By JON KRAWCZYNSKI, AP Basketball Writer
MINNEAPOLIS (AP) -- The Minnesota Golden Gophers have been here before.
They've steamrolled through cushy nonconference schedules to crack the AP Top 25 and raise some optimism for the season. Then the Big Ten comes along and roughs them up.
This year, they say they're different. Well, they're about to find out.
No. 11 Minnesota (12-1) hosts 19th-ranked Michigan State (11-2) in the Big Ten opener Monday, with a chance to set a new tone. The Gophers have had just two winning records in conference play in the last 15 years. In the previous two seasons, they've gone 23-2 in nonconference play and 12-24 against the heavyweights in their conference.
And they know it.
"We've definitely got a lot to prove," senior forward Rodney Williams said. "We finished, what, 6-12 the last two years? We want to come into the Big Ten season and start off the right way. Usually we come out with a loss in the first game, and that hasn't ended too well for us in the Big Ten season. So we want to come out and get this 'W' right away and see what happens."
With Trevor Mbakwe healthy, Andre Hollins emerging as a top-flight point guard and more depth than Tubby Smith has ever had at Minnesota, the Gophers head into the Big Ten opener brimming with confidence. They have the highest ranking since they went to the Final Four in 1996-97 and have a nice mix of athleticism on the perimeter and muscle in the paint to stand up to the rugged schedule that awaits.
Smith has ridden players hard in his first five seasons since coming to Minnesota from Kentucky, a demanding approach that hasn't always sat well with some of the Gophers. But in his sixth season, he appears to finally have the mix of tenacious defenders and mentally tough veterans that he's been looking for.

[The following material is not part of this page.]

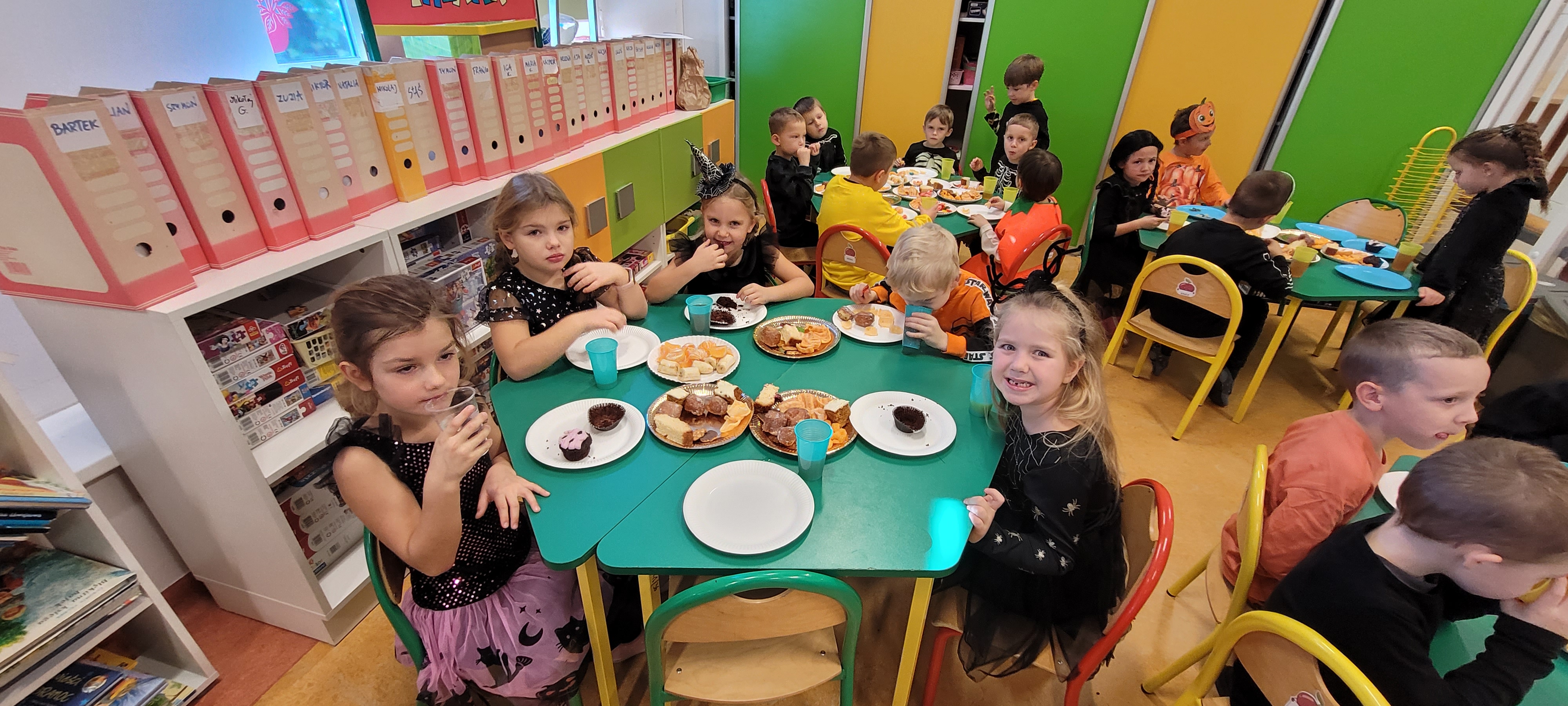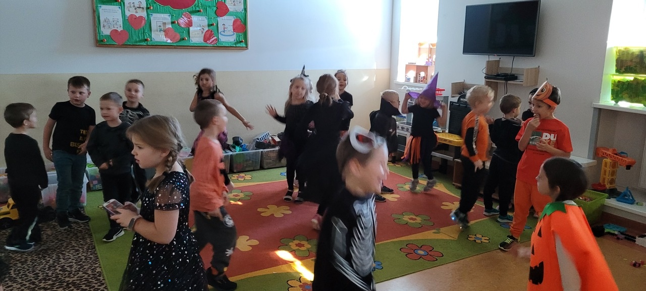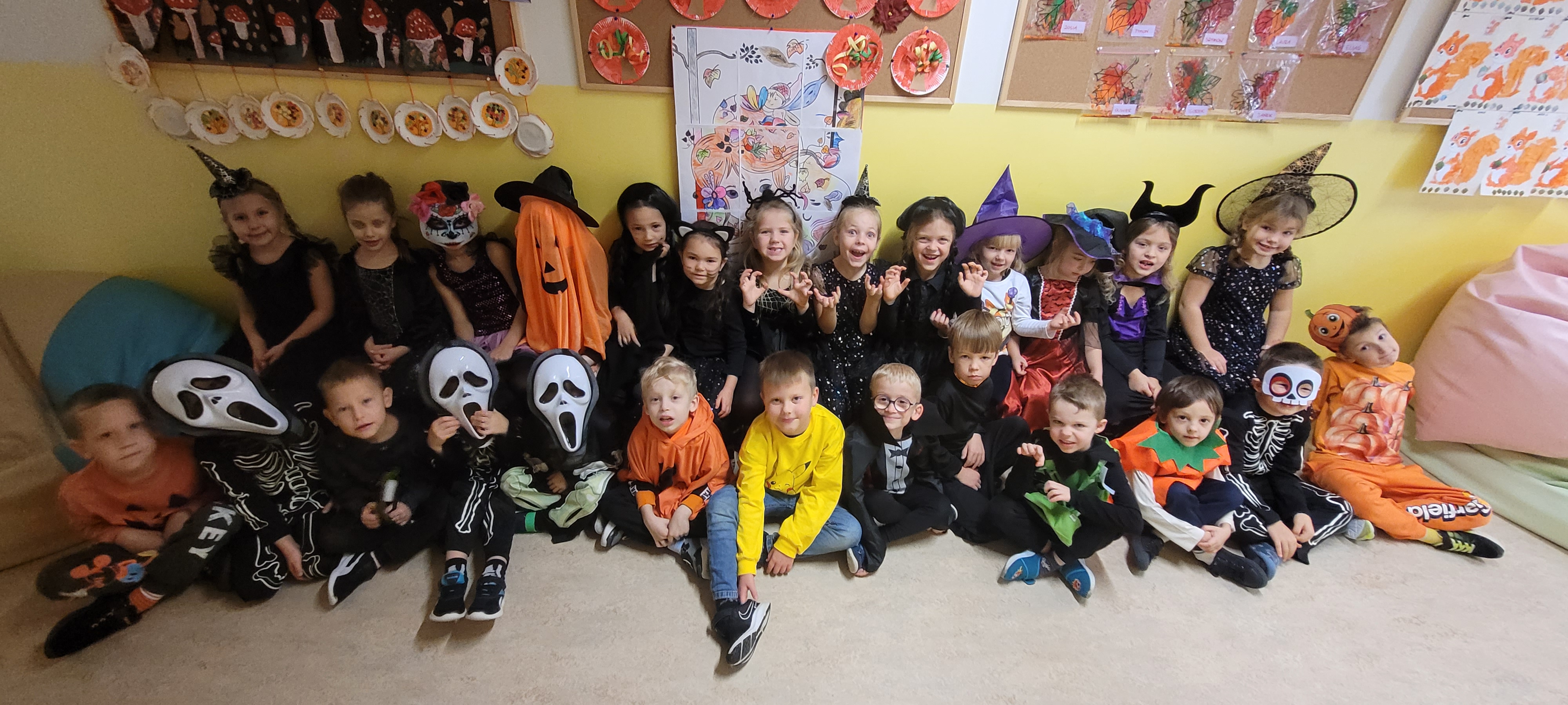 31 października małe Jabłuszka i Niedźwiadki miały imprezkę. Każda okazja jest dobra aby się przebrać i potańczyć, a nasze Ciocie w porozumieniu z rodzicami zorganizowały nam jeszcze do tego wszystkiego słodki poczęstunek. W dziki wir zabawy rzuciły się wszystkie Czarownice, Dynie, Czarne Koty oraz Duszki. Bawiliśmy się straaaasnie fajnie, bo w końcu był to bal w konwencji Halloween. Mamy nadzieję, że za rok także uda nam się zorganizować taką zabawę. Sala Niedźwiadków na dwie godzinki zamieniła się w stary, pokryty pajęczynami loch co zrobiło na nas bardzo duże wrażenie. Cukierek albo psikus!

"This group has really made it a lot of fun coming to practice," Smith said. "They're sort of coaching themselves, and that's what good teams do. It's kind of like in the classroom when the teacher shows up and people are so excited about learning and being around one another. It makes it easier to teach and coach."

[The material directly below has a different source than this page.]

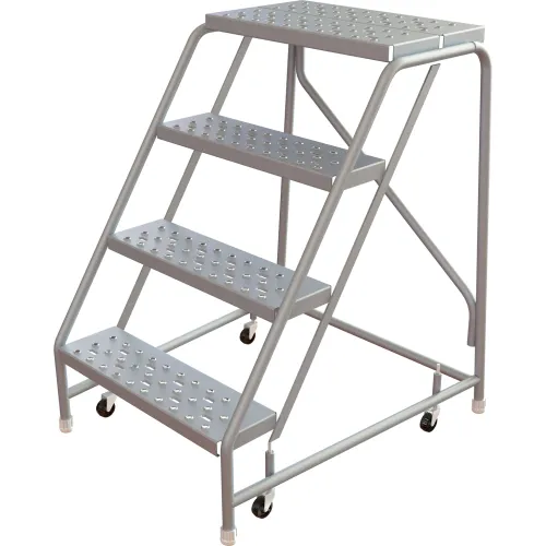 Tri-Arc Rolling Ladder, 4 Step, Aluminum, Perforated, 14" Deep Top Step, No Handrails, 24"W Step

Mbakwe hasn't played in a Big Ten game in nearly two years while he's worked his way back from a torn ACL in his right knee. He came off the bench for the first 12 games but was re-inserted into the starting lineup against Lafayette last week, and he said he's getting close to being all the way back.
"I'm excited about going up against another top-20 team, especially one that's coached by coach (Tom) Izzo, one of the best coaches in America," Mbakwe said. "We're excited. It's a New Year's game. It's a chance for us to really set the tone and send a statement out that we're serious this year. And we're all up for the challenge."

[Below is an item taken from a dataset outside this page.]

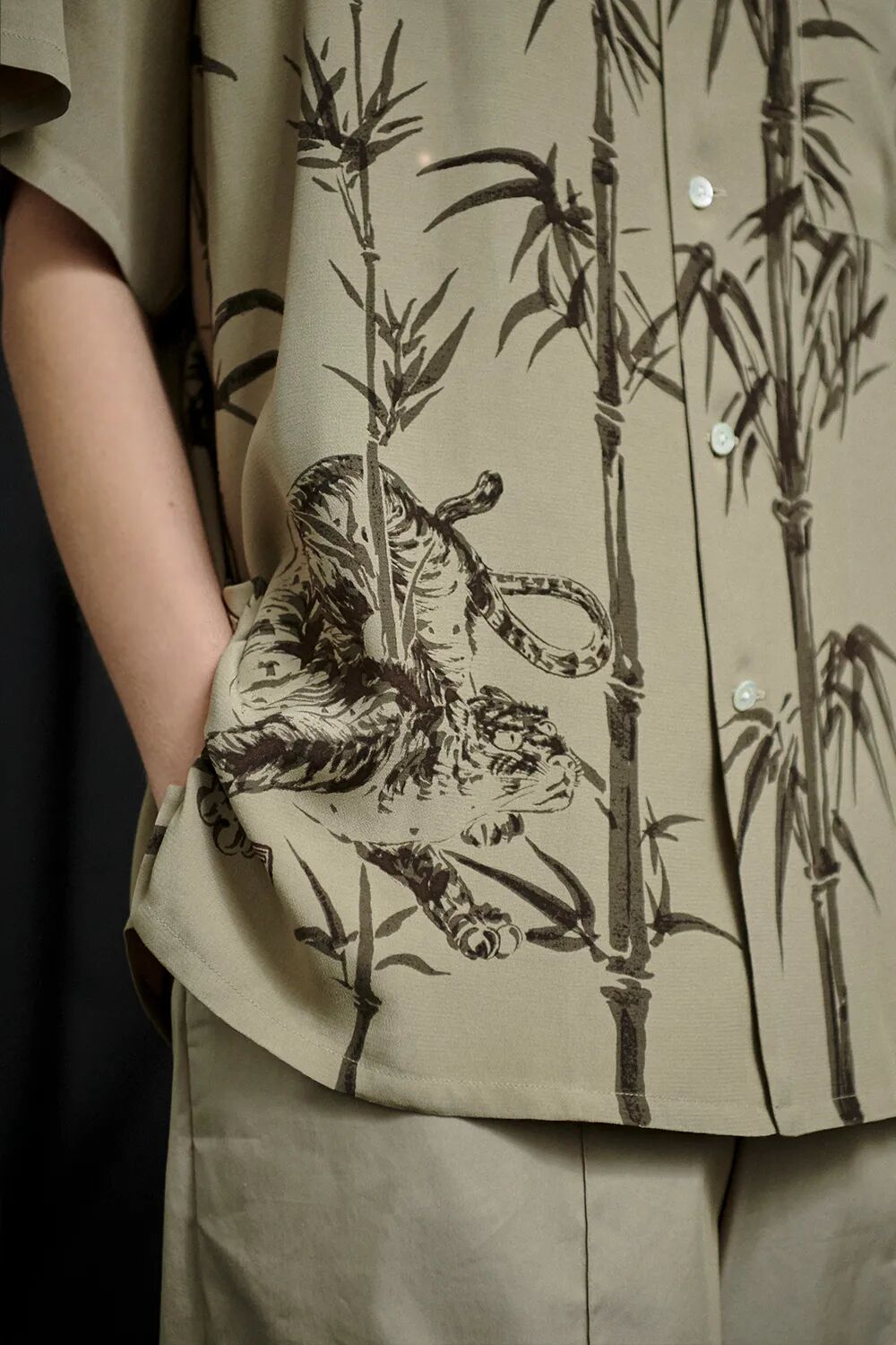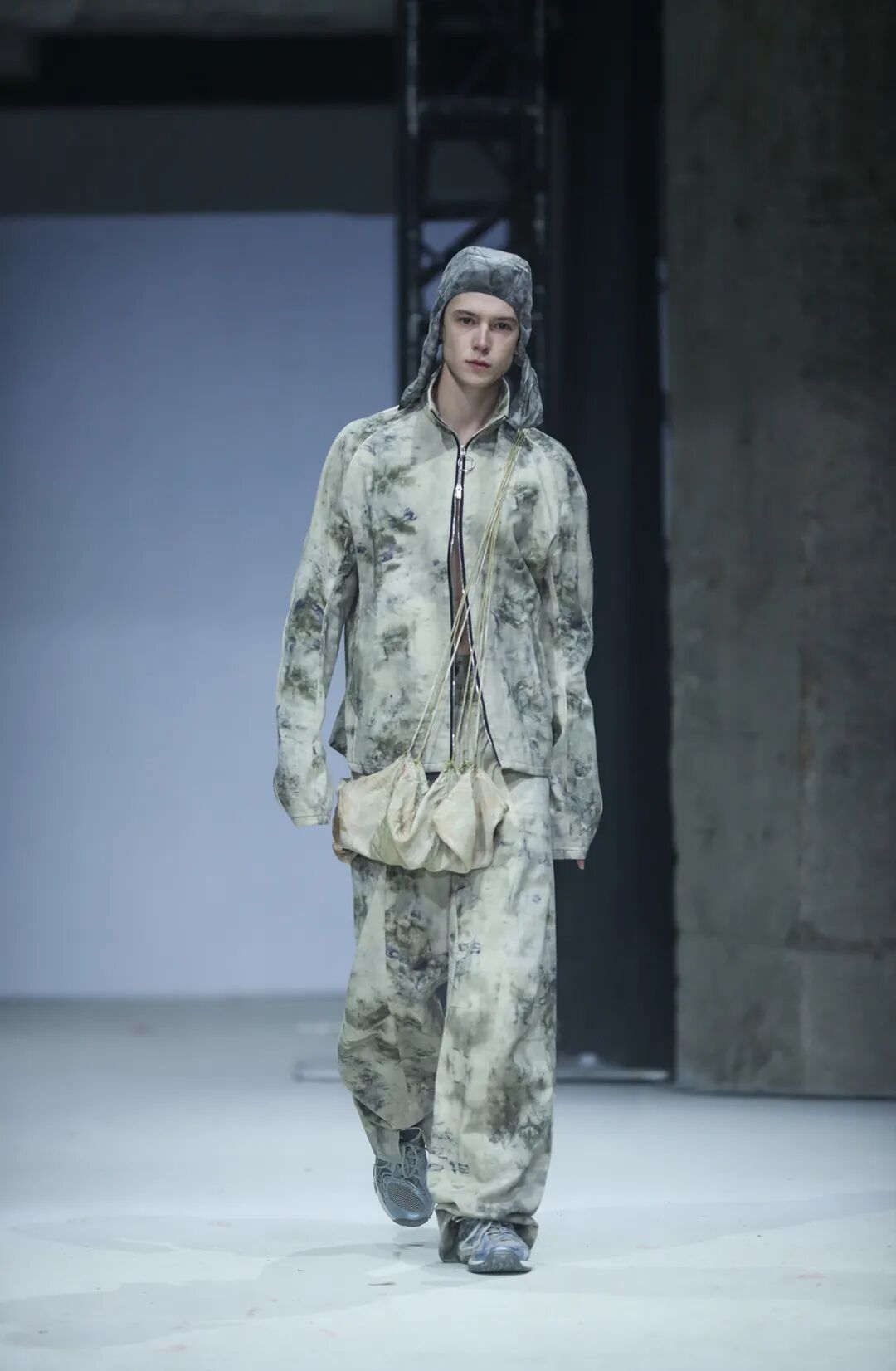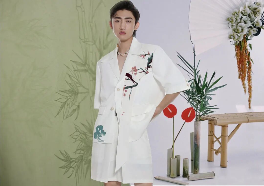 DEMO、Ms MIN、OLD JOE均以独幅或定位印花的形式将国风艺术画作直接运用在上衣单品上,前两者的用笔及配色相对活跃,更具中式“新”运用的生命力。山谷少年品牌则将传统花鸟以胸前刺绣的工艺运用在相对西式的衬衫上,兼具创意与美感。Peng Tai则是将抽象水墨图案运用于整身面料,视觉上洒脱舒适。

This season could be the most challenging in the Big Ten in years. Six teams are ranked in the top 20, including three ahead of the Gophers.
"We start the Big Ten season off against Michigan State, probably one of the most physical teams in the country. You're playing against better competition, and we'll definitely have to limit our turnovers and stuff like that," Mbakwe said. "We can't beat ourselves. The level of intensity picks up, and we're excited for the challenge."
The Gophers are 1-4 in Big Ten openers under Smith and have lost four straight to the Spartans, who have shown a knack in the past of deflating Minnesota's balloon just when things started looking up. So in some ways, the schedule couldn't unfold any better for the Gophers.
They get a team that has owned them on their floor on the last day of 2012. If this season is going to be different, this game will go a long way toward showing it.
"We can definitely contend for a Big Ten title, and we know that,'' Williams said. "We've just got to come out and prove that to everybody else."
AP Sports Writer Dave Campbell contributed to this story.